Step 1. We must specify the [sample space].

Step 2. We then divide this set by a system of ordered boundaries or contours such that as we pass across one boundary and proceed to the next, we come to a class of results which makes us more and more inclined, on the information available, to reject the hypothesis tested in favour of alternatives which differ from it by increasing amounts.

Step 3. We then, if possible, associate with each contour level [a Type I error rate].

The key point here is that **Pearson prescribes ordering results according to the degree to which they would incline one to reject $H_0$ and only considering tests that reject $H_0$ on result $s$ but not result $s’$ if $s$ makes one more inclined to reject $H_0$ than $s’$.** If the ordering of one’s inclinations to reject $H_0$ on the basis of possible observations conforms to the likelihood ratios of those observations, then on this approach one will not consider problematic tests like the one that rejects on $s_2$ but not $s_1$ in our example. This approach is analogous to the thief always taking items in descending order by value/weight ratio, stopping when the next item will not fit. **Here we see a point of disanalogy between hypothesis test construction and literal knapsack problems:** because the outcomes of hypothesis tests are (at least *de facto*) interpreted in evidential terms, it seems inappropriate to add elements of the sample space to **S** “out of order” relative to their likelihood ratios, even if doing so allows one to get greater power while keep the Type I error rate below $\alpha$. By contrast, it is not problematic to add items to the thief’s knapsack “out of order” relative to their value/weight ratios if doing so allows one to get a higher total value while keeping the maximum weight below the maximum.

**A second point of disanalogy between a literal knapsack problem and the problem of constructing a hypothesis test concerns the appropriate way to trade off value against weight, or power against Type I error rate.** We can arrange so that it is only a slight idealization to suppose that the thief does not care how heavy her bag is as long as she can carry it away. (We can assume that she has a strong back and a getaway vehicle nearby, does not have to worry about how much noise she makes, and so on.) We cannot arrange so that a scientist does not care about the Type I error rate of his or her test as long as it is below a particular threshold, at least if we impose the normative assumption that the scientist’s goal is to advance knowledge and not just, say, to get his or her paper past journal referees.

**Rather than maximizing power subject to a maximum Type I error rate, it would seem to make more sense to minimize a weighted sum of the Type I and Type II error rates,** where the Type II error rate is the probability of failing to reject the null hypothesis if it is false (1-power) and the weights reflect the importance of avoiding Type I and Type II errors.

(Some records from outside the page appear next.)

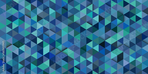 A geometric pattern of triangles in blue-green hues creates a sense of depth and volume. Abstract background for paper packaging, covers and branding.
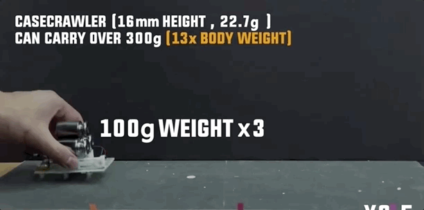 整个小机器人没有装到手机壳上时自重约23克,在负重300克(自重的13倍)的情况下,还能以每秒21cm的速度前进:
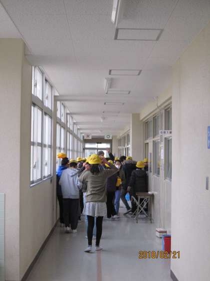 その後、津波の発生のおそれがあることで、校舎3階に避難することを行いました。少しおしゃべりの声がありましたが、押し合わずにすばやく行動することができていました。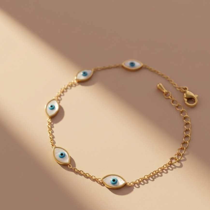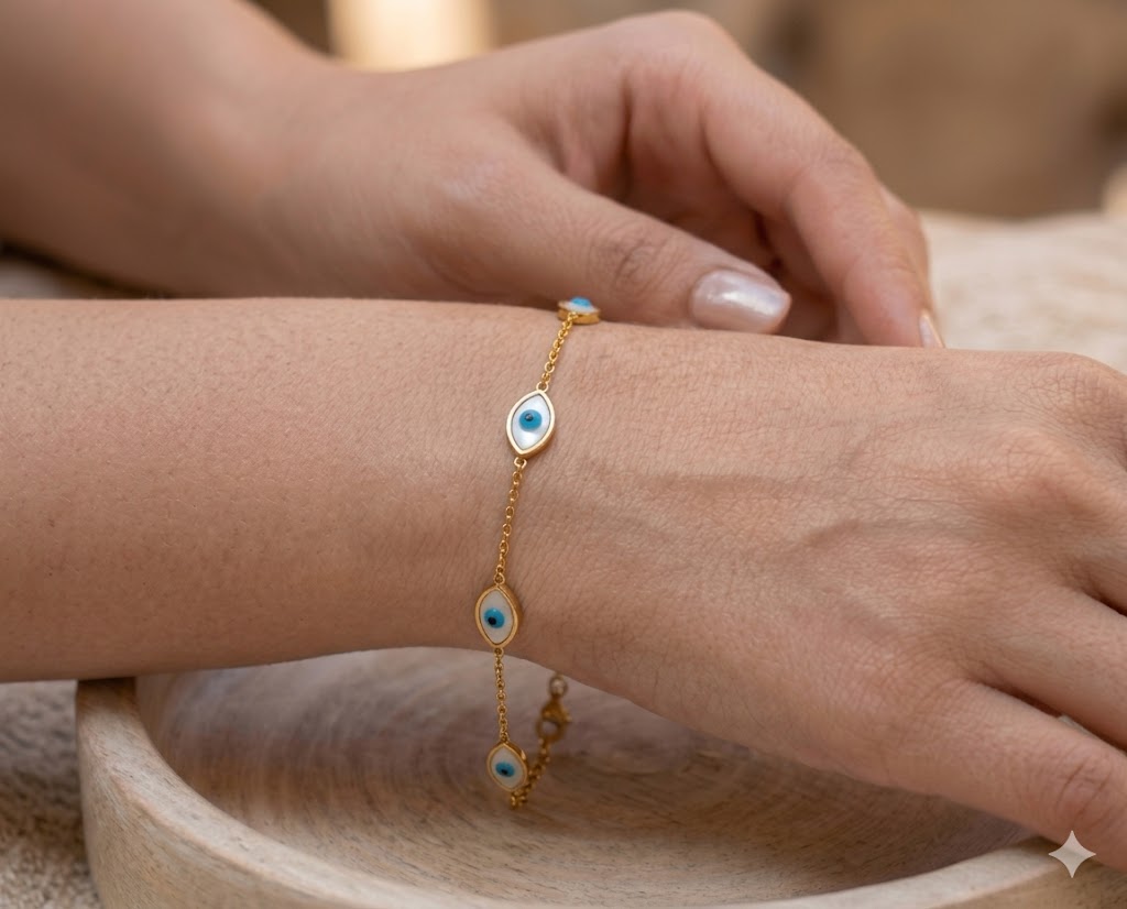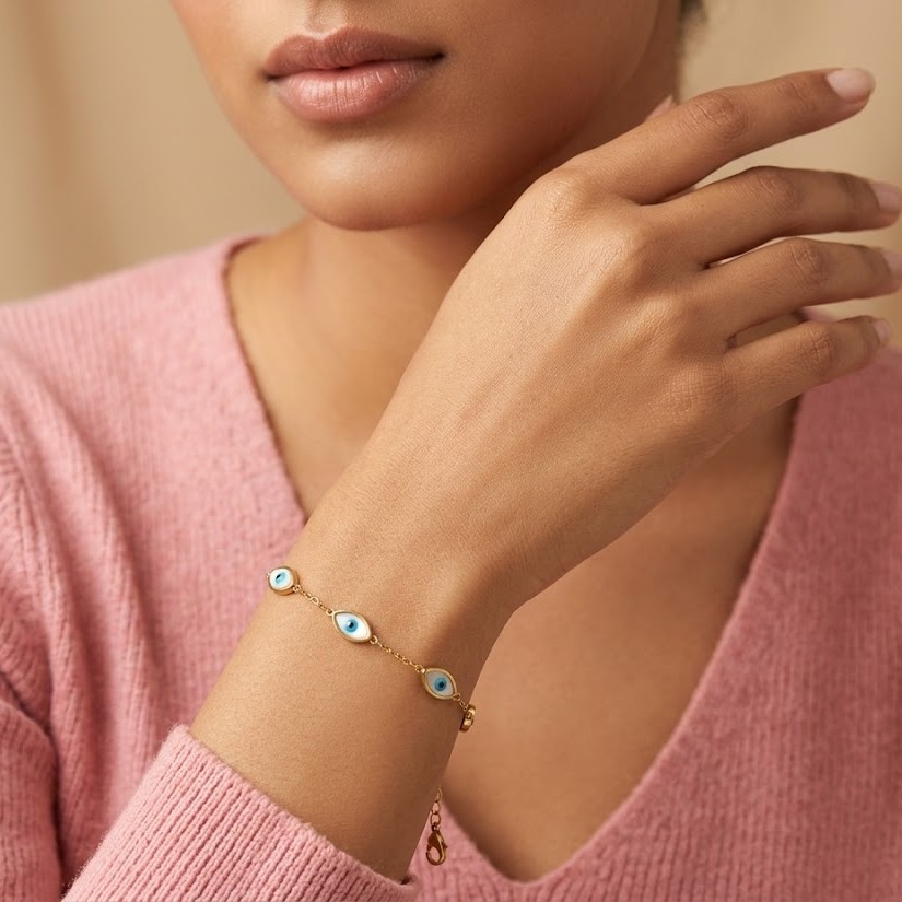 Protective and stylish, this Golden Evil Eye Charm Bracelet for Women features a symbolic evil eye charm with a sleek gold chain. This evil eye gold charm bracelet for women with blue stone design adds both meaning and style to everyday jewellery. Crafted in demi-fine jewellery quality, this evil eye protection bracelet for women is anti-tarnish and waterproof.

Like Pearson’s approach if one’s inclinations to reject $H_0$ conform to likelihood ratios, this approach would lead one to reject $H_0$ for $H_a$ if and only if the likelihood ratio $\Pr(s;H_a)/\Pr(s;H_0)$ exceeds some threshold $k$. In this case, $k$ is simply the weight one associates with the Type I error rate divided by the weight one associates with the Type II error rate. **The only difference between this approach and Pearson’s is that this approach involves fixing relative weights on the Type I error rate and power and letting the likelihood ratio cutoff for rejection and the Type I error rate fall where they may,** whereas Pearson’s involves putting a cap on the Type I error rate and letting the likelihood ratio cutoff and (implied) relative weights on the Type I error rate and power fall where they may.

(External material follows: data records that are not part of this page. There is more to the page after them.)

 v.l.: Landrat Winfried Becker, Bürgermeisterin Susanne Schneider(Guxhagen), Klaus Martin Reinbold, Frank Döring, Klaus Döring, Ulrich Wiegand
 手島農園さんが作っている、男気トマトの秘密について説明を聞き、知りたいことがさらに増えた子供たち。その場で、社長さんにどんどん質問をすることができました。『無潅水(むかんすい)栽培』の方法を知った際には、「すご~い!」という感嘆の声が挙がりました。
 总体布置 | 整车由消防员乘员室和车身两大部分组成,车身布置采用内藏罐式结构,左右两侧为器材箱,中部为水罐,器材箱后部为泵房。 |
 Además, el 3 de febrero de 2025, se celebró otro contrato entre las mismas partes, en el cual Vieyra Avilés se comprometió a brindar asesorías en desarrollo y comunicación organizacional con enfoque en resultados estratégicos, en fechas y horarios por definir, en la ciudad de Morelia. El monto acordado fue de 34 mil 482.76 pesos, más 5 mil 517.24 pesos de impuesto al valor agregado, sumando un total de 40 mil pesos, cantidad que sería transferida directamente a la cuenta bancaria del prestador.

One might object that weights on the Type I and Type II error rates are too subjective or arbitrary for use in science. However, they do not seem to be any more subjective or arbitrary than the maximum tolerated Type I error rate $\alpha$. There is a typical convention of setting $\alpha=.05$, but that convention is itself rather arbitrary. Moreover, we could establish the analogous convention of setting $k=20$, which has the effect of guaranteeing that the Type I error rate is no greater than the standard .05 (Royall 2000).

**To my mind, this alternative to Pearson’s approach seems more sensible.** Constructing a hypothesis test is more like filling a knapsack for a long journey than for a quick getaway: every increase in weight (Type I error rate) matters and needs to be compensated by a sufficient increase in value (power).

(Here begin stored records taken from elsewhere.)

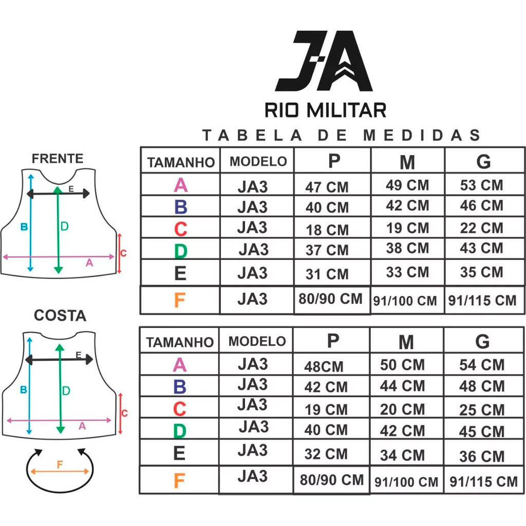 • Colete produzido em diversos tamanhos;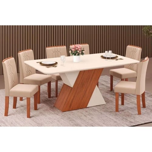Sala De Jantar Completa Rubi Tampo Madeirado C/ Vidro Canto Reto 170x90cm E 6 Cadeiras Zoe Freijo/off White/off White - Suede Creme - Dj Móveis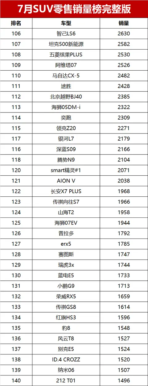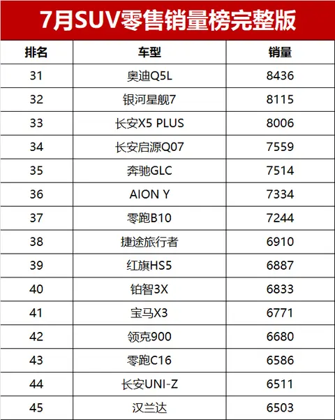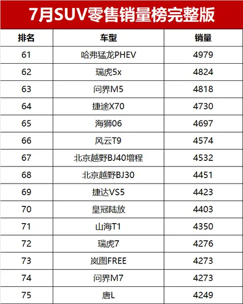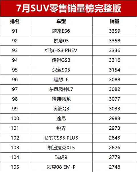 总体来看,2025年7月国内SUV市场竞争激烈,新能源与燃油车各有亮点。随着市场的不断发展,消费者在SUV车型的选择上也将更加丰富多样,各车企也将继续在产品研发和市场推广上发力,以争夺更多的市场份额。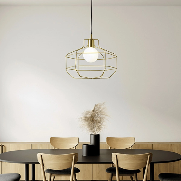 Wire è una lampada a sospensione che scende e illumina con stile tavoli di cucine e soggiorni moderni. Con un design unico come il suo, si presta anche ad installazioni in ambienti commerciali e ricettivi. Disponibile con struttura in tondino metallico in oro spazzolato e verniciato nero opaco. Diffusore interno in vetro opalino. Rosone in oro spazzolato e verniciato nero opaco. Cavo di alimentazione nero 200 cm. Lampadina installabile G9 a led.

The main problem for this approach is that it does not generalize well to cases involving composite hypotheses (e.g., that a particular parameter is in a specified range or is not equal to a specific value), which are the usual cases in science. In those cases one or both of $\Pr(s;H_0)$ and $\Pr(s;H_a)$ lack definite values, and many methodologists are reluctant to appeal to the corresponding conditional probabilities $\Pr(s|H_0)$ and $\Pr(s|H_a)$ because they lack generally accepted objective values.

To share your thoughts about this post, comment below or send me an email.

Comments support $\LaTeX$ mathematical expressions: surround with single dollar signs for in-line math or double dollar signs for display math.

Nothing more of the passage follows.